SMOCK-ALLEY · THE THEATRE-ROYAL·

ORANGE-STREET

ESSEX-STREET, WEST.

ON a portion of the site of "Preston's Inns," and extending westwards from Essex-gate to Fishamble-street, at the rere of the lower Blind-quay, stands a narrow street, formerly styled "Smock-alley," memorable in the history of the Drama as having been for upwards of a century the site of the principal theatre in Ireland.

In 1661 John Ogilby, after a competition with Sir William Davenant, succeeded in obtaining the office of Master of the Revels in Ireland, under a patent which specially empowered him to build one or more theatres in Dublin or elsewhere, upon such ground as he should purchase in fee.

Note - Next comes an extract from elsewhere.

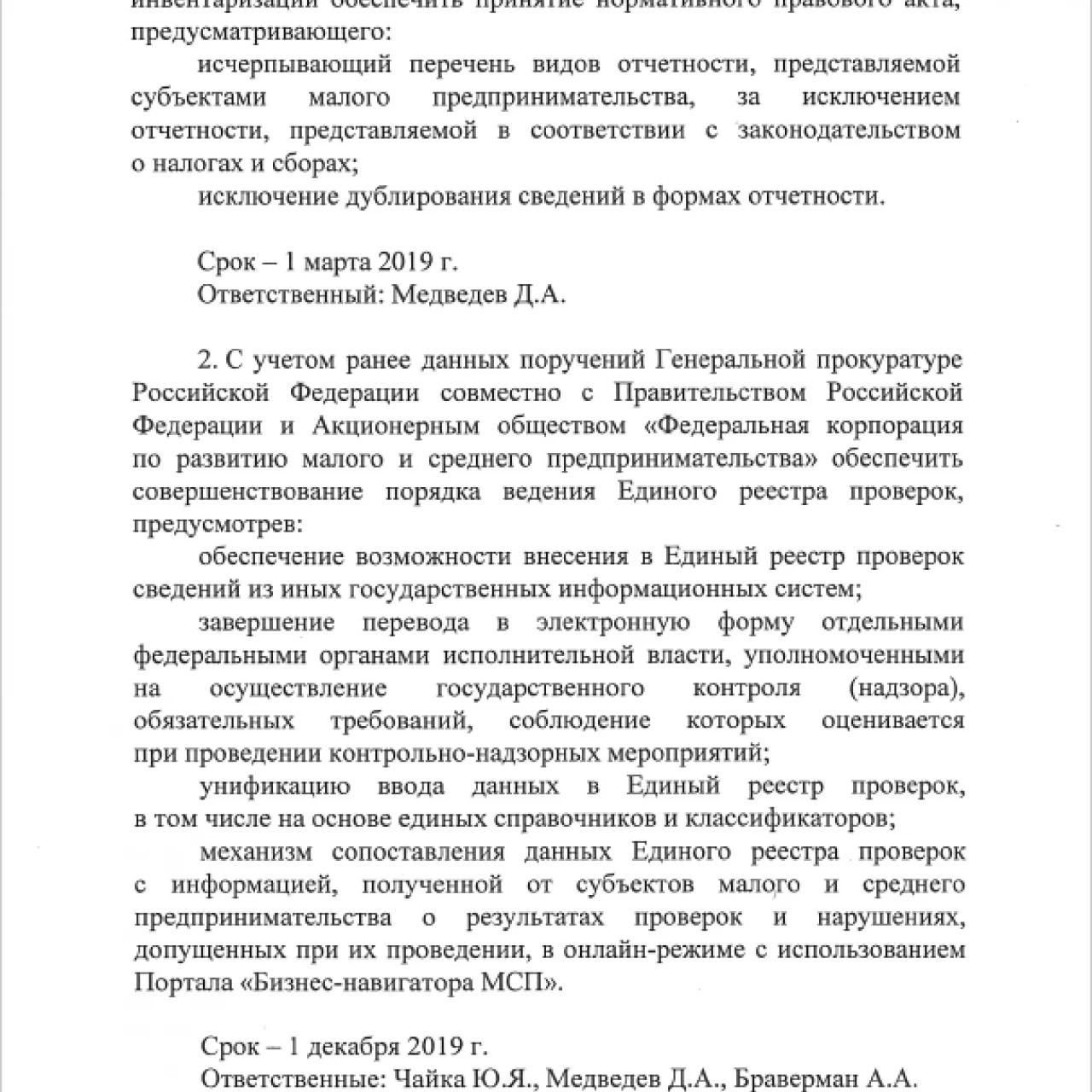 Также глава государства поручил Генеральной прокуратуре, Правительству РФ и Корпорации МСП в срок до 1 декабря 2019 года усовершенствовать порядок ведения Единого реестра проверок, предусмотрев внесение в Единый реестр сведений из других государственных информационных систем, завершив перевод в электронную форму обязательных требований, которые оцениваются при проведении проверок. Среди других поручений в этой части оказалась унификация ввода данных в Единый реестр и создание механизма сопоставления данных реестра с информацией, полученной от субъектов МСП о результатах проверок и выявленных нарушениях в онлайн-режиме с использованием портала «Бизнес-навигатор МСП».

His original play-house in Werburgh-street, noticed in our first volume, having been ruined during the Civil War, Ogilby, immediately on receiving his appointment, erected a "noble theatre," at a cost of about two thousand pounds, on a portion of the Blind-quay, described in a document of 1662 as "a house and piece of ground on the quay, heretofore called the White House, on a part whereof the new theatre and other houses are built."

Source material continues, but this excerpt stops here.